*YOUR INSTRUCTIONS*.
Leaving out pictures, output exactly the lines below from the one that has "Een fascinerend patroon" through the one that has "Poster Ein Strauß", and nothing else.

======== RECORDS FOR THIS TASK

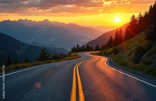 Winding mountain road at sunrise, golden sunlight illuminating asphalt curves, distant peaks. Vibrant sky with orange, yellow gradient hues creates peaceful, majestic natural landscape perfect for
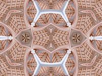 Een fascinerend patroon dat fascineert door de symmetrische en gedetailleerde structuur. Het is een abstracte voorstelling van een gewelfd plafond in een architecturaal ontwerp, waarbij geometrische vormen centraal staan. De belangrijkste motieven van de afbeelding zijn ruitvormige en rechthoekige oppervlakken in warme beige en bruine…
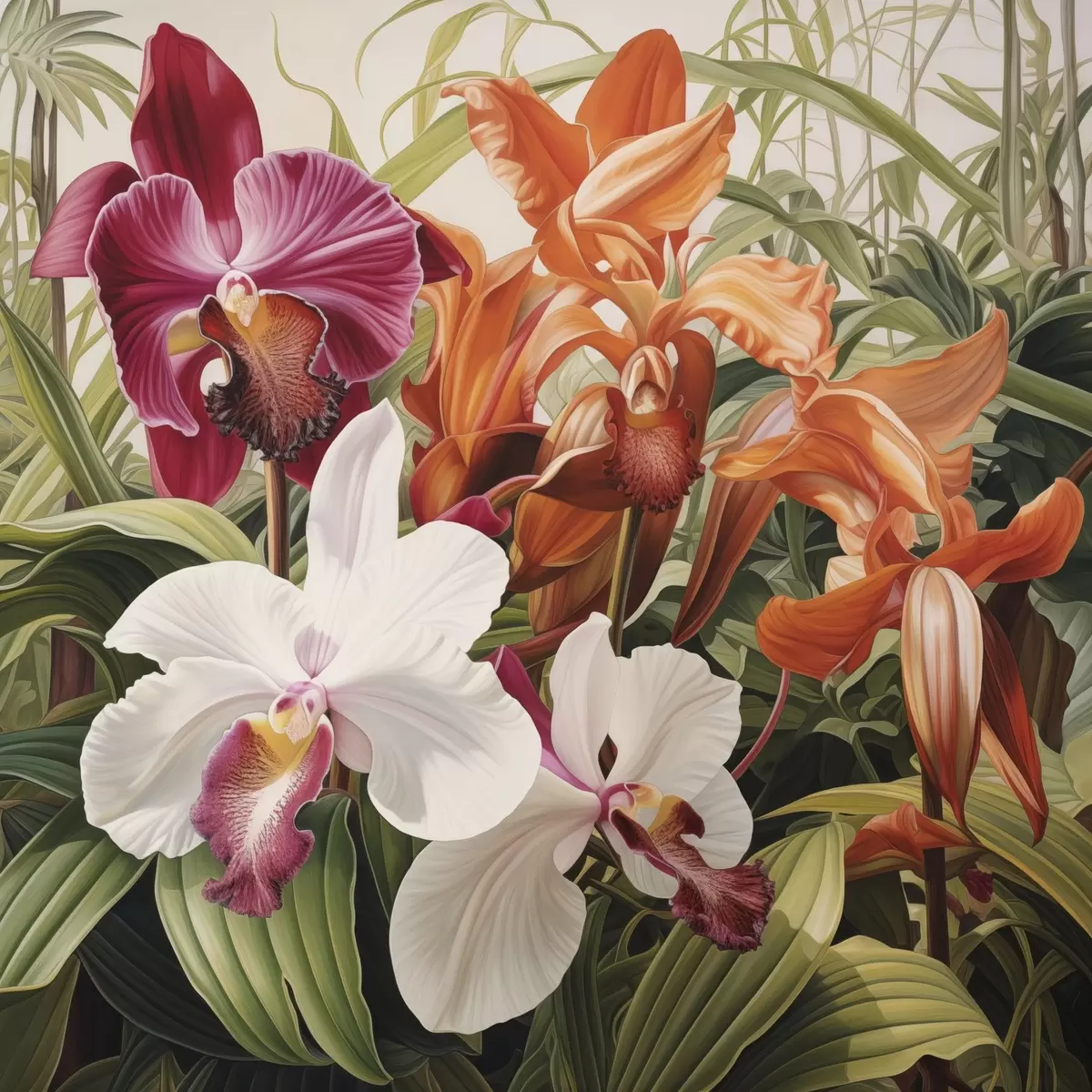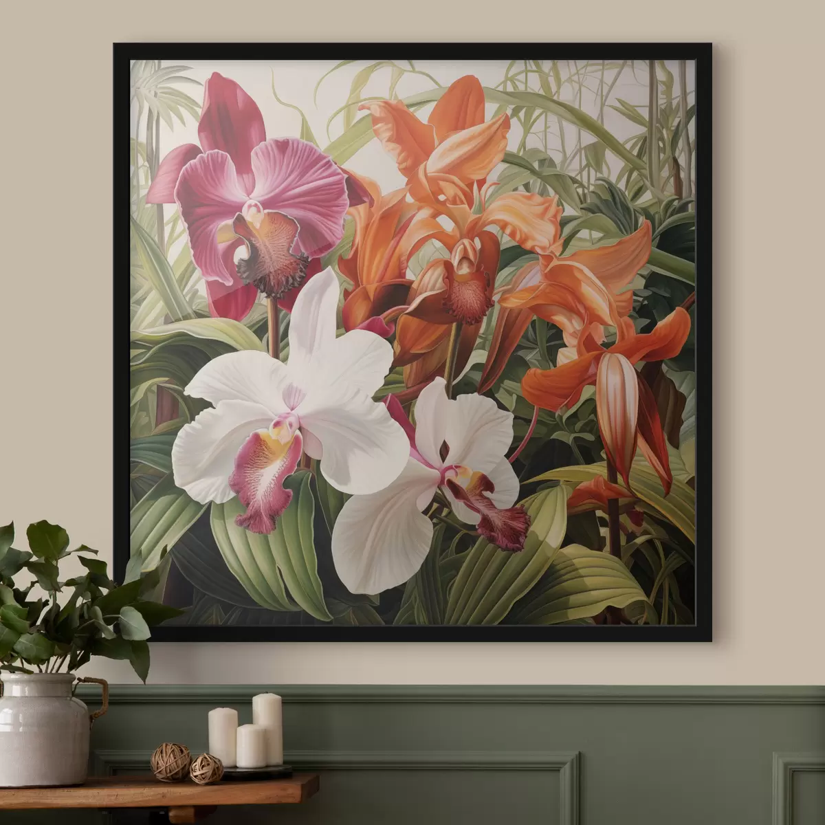 Poster Ein Strauß tropischer Blumen, Orchideen mit grünem Laub im Hintergrund Nr f48386
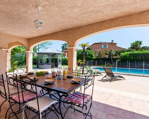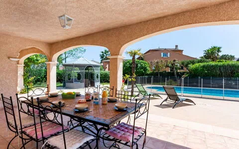 Villa "Massenet" es una elegante casa de vacaciones construida en 2002, ubicada en un tranquilo barrio residencial de Saint Aygulf, Francia. Situada a aproximadamente 1,5 km del centro de Saint Aygulf y a tan solo 2 km del mar, la villa goza de una excelente ubicación que combina la proximidad de servicios locales con la serenidad de una zona de tráfico limitado. La propiedad se asienta sobre una parcela privada completamente vallada de 1.100 m², proporcionando un generoso sentido de espacio y privacidad. La piscina angular de sal, que mide 10 x 5 m con profundidades entre 120 y 200 cm, es el elemento central de los terrenos.
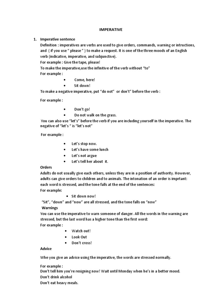 1. Imperative sentence Definition : imperatives are verbs are used to give orders, commands, warning or intructions, and ( if you use please ) to make a request. It is one of the three moods of an English verb (indicative, imperative, and subjunctive). For example : Give the tape, please! To make the imperative,use the infinitive of the verb without to For example : Come, here! Sit down! To make a negative imperative, put do not or dont before the verb : For example : Dont go! Do not walk on the grass. You can also use lets before the verb if you are including yourself in the imperative. The negative of lets is lets not For example : Lets stop now. Lets have some lunch Lets not argue Lets tell her about it.
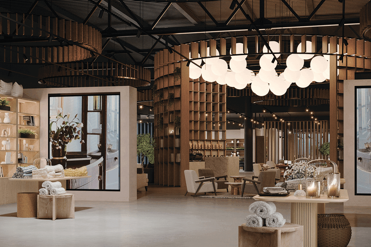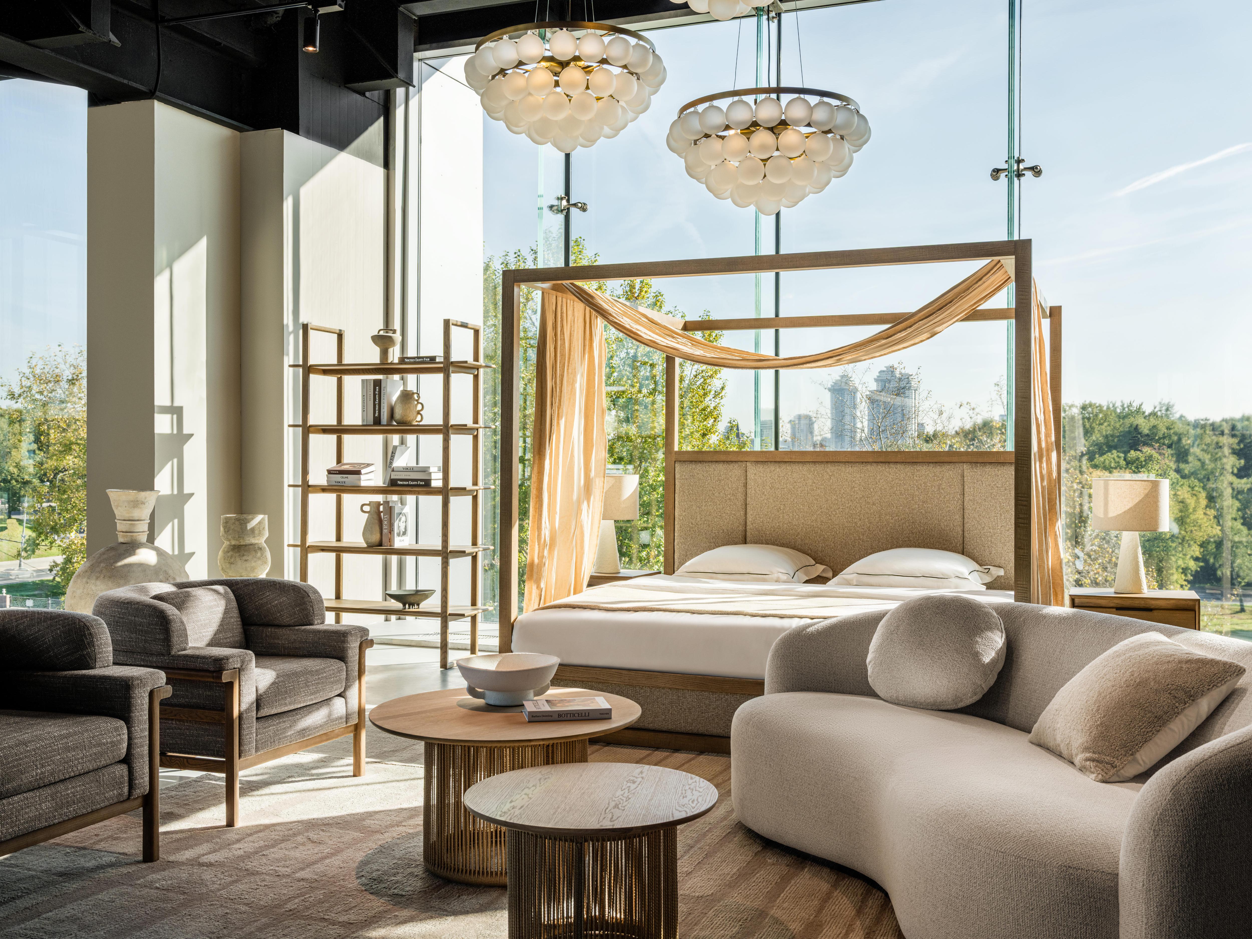 Пространство площадью 3000 кв. м заняло четвертый этаж и стало новым этапом в развитии компании — здесь есть, что нужно для обстановки всего дома, а гости могут получить иммерсивный опыт. Вместо рядов с мебелью воссозданы настоящие комнаты: здесь можно провести время в уютной гостиной, оценить удобство рабочего кабинета или представить себя на просторной кухне. Такой подход позволяет гостям почувствовать атмосферу будущего дома и сделать осознанный выбор.
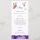 Procurando lindos cartões de carrete de cardápio de borboletas roxas e amarelas que você pode personalizar? Esta placa de rack de menu foi projetada com ilustrações de aquarela e mostra várias borboletas bonito na frente e no verso em tons de roxo / violeta e ouro. Eles podem ser personalizados para refletir as entradas do seu dia especial, e os convidados podem levá-los para casa como recordação do seu casamento. Cores: roxo, violeta, ametista, lavanda, amarelo e ouro. Categoria: carteiros de cardápio de casamento personalizados, tema de casamento de borboletas.
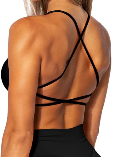Aoxjox sport-BH, träning, vadderad rygglös yoga crop top, twist-back cami., 1 svart, XS

================

*YOUR SOLUTION*.
 Een fascinerend patroon dat fascineert door de symmetrische en gedetailleerde structuur. Het is een abstracte voorstelling van een gewelfd plafond in een architecturaal ontwerp, waarbij geometrische vormen centraal staan. De belangrijkste motieven van de afbeelding zijn ruitvormige en rechthoekige oppervlakken in warme beige en bruine…
 Poster Ein Strauß tropischer Blumen, Orchideen mit grünem Laub im Hintergrund Nr f48386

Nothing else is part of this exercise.